You could fairly say that The Gig, in the aggregate, has been a series of snapshots of a changing jazz landscape, sometimes framed in closeup and sometimes as a panorama. You could say, a bit less fancifully, that I tried to write about jazz culture as it was happening, however it made sense to me. (Often, it should be noted, under some form of mild duress. Evan Haga, who followed Chris Porter as editor, can attest that I never missed a column, though I’ve muffed my share of deadlines.) And over the years, working by feel, I came to a more intuitive grasp of the column’s unique potential: as a forum both analytical and personal, quixotic at times but with its heart in the right place.

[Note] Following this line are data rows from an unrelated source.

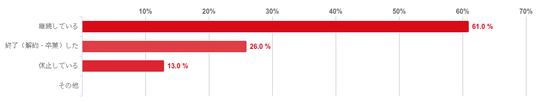 「継続している」と回答した人が61.0%と6割を超えて圧倒的に多かった。そのほか、「終了(解約・卒業)した」との回答が26.0%、「休止している」との回答が13.0%だった。
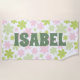 Green and Pink Groovy Floral Custom Name Beach Towel
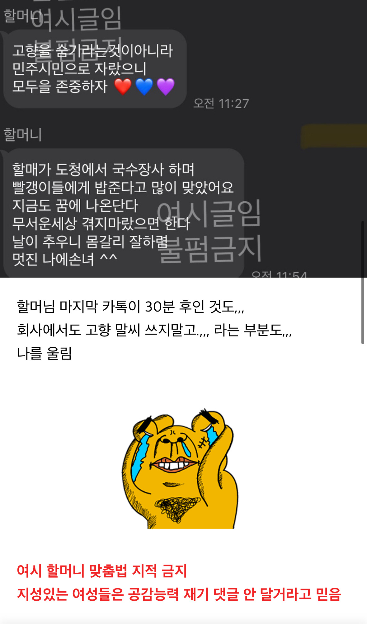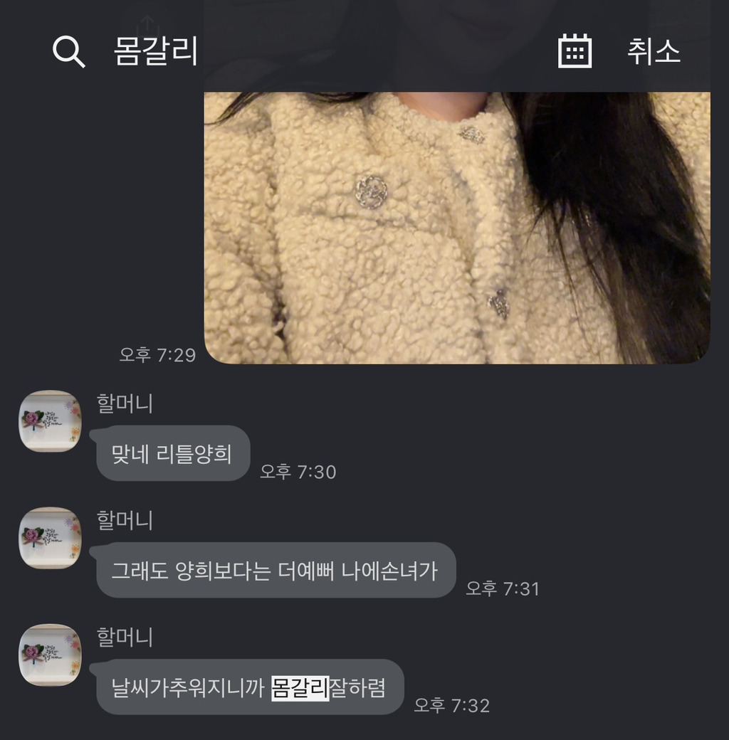 이 글과 할머니의 선택적 맞춤법 틀림(진정되었다, 맞았어요, 겪지 같은 비교적 어려운 맞춤법은 틀리지 않으면서 나에손녀, 마랐으면, 몸갈리 ㅋㅋ 이러시는 할머니가 있다...🤔?)을 근거로 주작 의심 하는 여시들이 나타났고
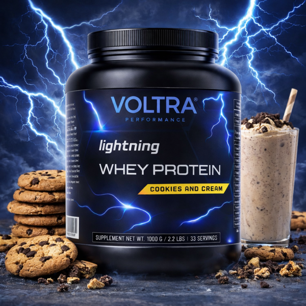 Voltra Performance Lightning Whey Protein Cookies & Cream is een hoogwaardige whey protein concentrate, ontwikkeld voor sporters die hun spierherstel en spieropbouw optimaal willen ondersteunen. Dankzij de snelle opname is deze eiwitshake ideaal na de training of als eiwitrijke aanvulling gedurende de dag.
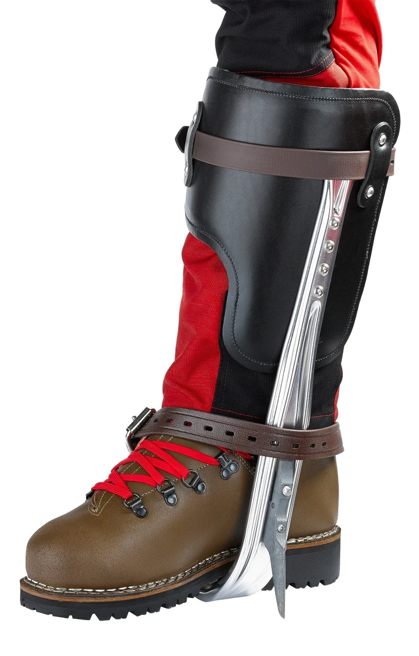 Med originale Weaver remme på fod og ben. Læderpolstring med tyk “schweizisk millitærlæder” på ydersiden og blødt natur læder på indersiden. Optimal tilpasning til benene. I læderpolstringen er indsat en elastisk skal af glasfiber med en råstfri stålplade. Derved er en drejning af klatrejernene praktisk taget udelukket. Resultatet er en perfekt pasform ved opstigning og stående arbejde.

Looking back, the columns of which I’m proudest are those that made an impassioned argument, for or against. That’s a broader umbrella than it might seem, encompassing both “Where Are the Female Jazz Critics?” (Oct. ’11) and a celebration of the magisterial singer-songwriter Andy Bey (Dec. ’13). A column about the recordings John Coltrane made at the Village Vanguard in 1961, pitched under the pretense of their 50th anniversary, struck a rare balance-rare for me, anyway-of critical appraisal and first-person reflection. Writing about Come Sunday, the second duo album by pianist Hank Jones and bassist Charlie Haden, I found an excuse to revisit their first one, Steal Away: Spirituals, Hymns and Folk Songs, and explore the poignant current of mortality that runs through their partnership. In 2011, when the Grammys retired the categories for Best Latin Jazz Album and Best Contemporary Jazz Album, I argued that Best Improvised Jazz Solo should have taken the hit instead; my logic still strikes me as sound, and a fair illustration of what a column is supposed to do.
Ten years ago, when I learned that JazzTimes was taking me on as a columnist, my girlfriend threw me a cocktail party at our West Village apartment. We’re now married with two young daughters, the older of which got her earliest musical education while I was researching a column about Jazz: The Smithsonian Anthology. (I’d feed her a bottle in the crook of one arm while taking notes with the other, as a century of recorded music rambled on.) I’d like to think I have grown tremendously in this space, as in many other aspects of my life. Yet if I’ve learned anything over the last 99 installments of The Gig, it’s the foundational value of curiosity, which plays no favors between young and old, but has a way of reminding you how much you have yet to know.